TASK DIRECTIONS: Pictures in the material below are to be left out, and only the lines from the line with "This is a 4" up to and including the line with "Una vez habilitado, la" are to be written out exactly.

(Beginning of RECORD SET)

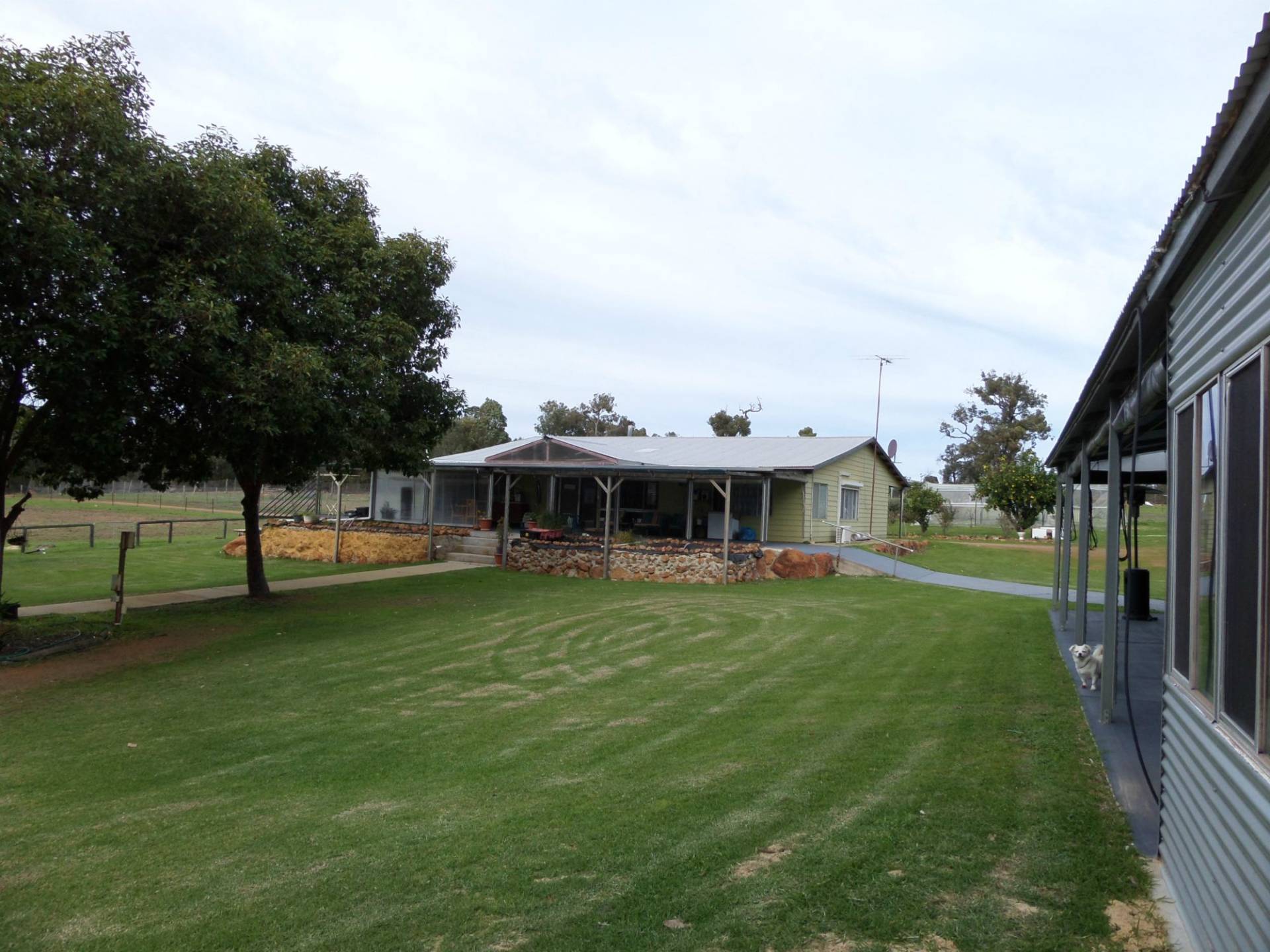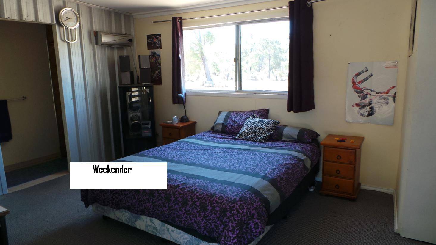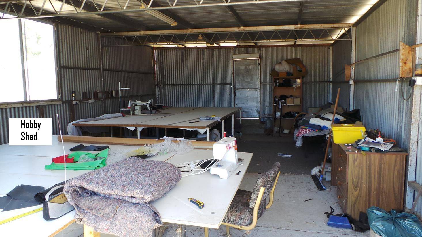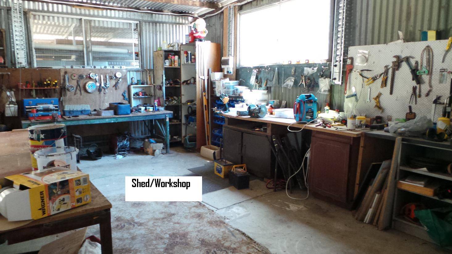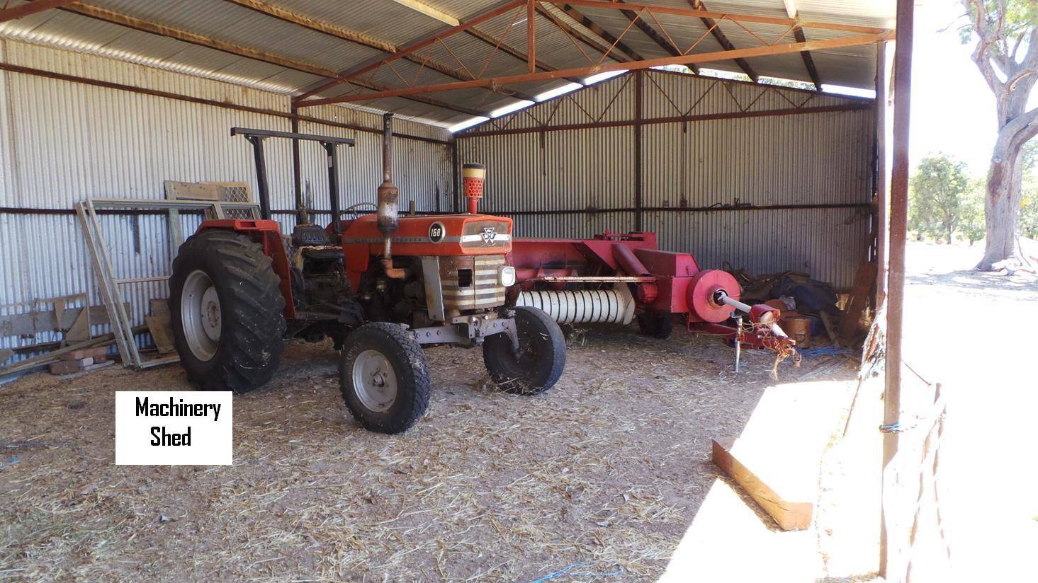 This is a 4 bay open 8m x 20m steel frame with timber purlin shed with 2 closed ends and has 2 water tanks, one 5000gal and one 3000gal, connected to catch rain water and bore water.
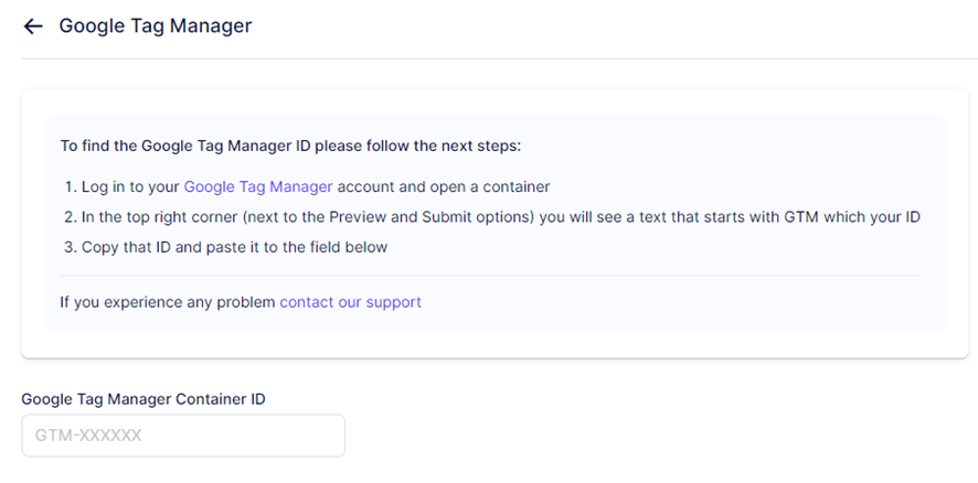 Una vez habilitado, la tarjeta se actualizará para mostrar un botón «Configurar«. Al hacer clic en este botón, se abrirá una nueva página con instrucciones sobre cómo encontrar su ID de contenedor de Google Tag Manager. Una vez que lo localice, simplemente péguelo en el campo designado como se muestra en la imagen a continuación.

(End of RECORD SET)
(Beginning of RECORD SET)

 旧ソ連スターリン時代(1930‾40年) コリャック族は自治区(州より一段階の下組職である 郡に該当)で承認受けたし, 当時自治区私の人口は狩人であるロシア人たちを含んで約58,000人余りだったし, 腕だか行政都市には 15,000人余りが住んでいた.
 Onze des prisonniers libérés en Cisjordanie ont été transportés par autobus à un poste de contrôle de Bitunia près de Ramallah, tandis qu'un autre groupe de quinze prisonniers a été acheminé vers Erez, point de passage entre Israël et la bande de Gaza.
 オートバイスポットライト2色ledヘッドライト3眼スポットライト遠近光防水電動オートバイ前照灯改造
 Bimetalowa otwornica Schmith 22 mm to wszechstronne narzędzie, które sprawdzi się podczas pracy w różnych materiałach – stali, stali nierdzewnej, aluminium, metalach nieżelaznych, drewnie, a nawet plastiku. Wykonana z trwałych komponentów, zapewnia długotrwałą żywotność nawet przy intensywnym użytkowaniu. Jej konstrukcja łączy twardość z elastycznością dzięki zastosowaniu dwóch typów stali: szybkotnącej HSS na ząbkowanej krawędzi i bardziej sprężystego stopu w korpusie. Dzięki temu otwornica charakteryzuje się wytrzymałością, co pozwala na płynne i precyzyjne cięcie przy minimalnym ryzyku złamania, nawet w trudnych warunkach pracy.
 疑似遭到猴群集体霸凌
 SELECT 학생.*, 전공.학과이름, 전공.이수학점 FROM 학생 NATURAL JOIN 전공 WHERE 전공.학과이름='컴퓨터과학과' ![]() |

(End of RECORD SET)

YOUR SOLUTION:
 This is a 4 bay open 8m x 20m steel frame with timber purlin shed with 2 closed ends and has 2 water tanks, one 5000gal and one 3000gal, connected to catch rain water and bore water.
 Una vez habilitado, la tarjeta se actualizará para mostrar un botón «Configurar«. Al hacer clic en este botón, se abrirá una nueva página con instrucciones sobre cómo encontrar su ID de contenedor de Google Tag Manager. Una vez que lo localice, simplemente péguelo en el campo designado como se muestra en la imagen a continuación.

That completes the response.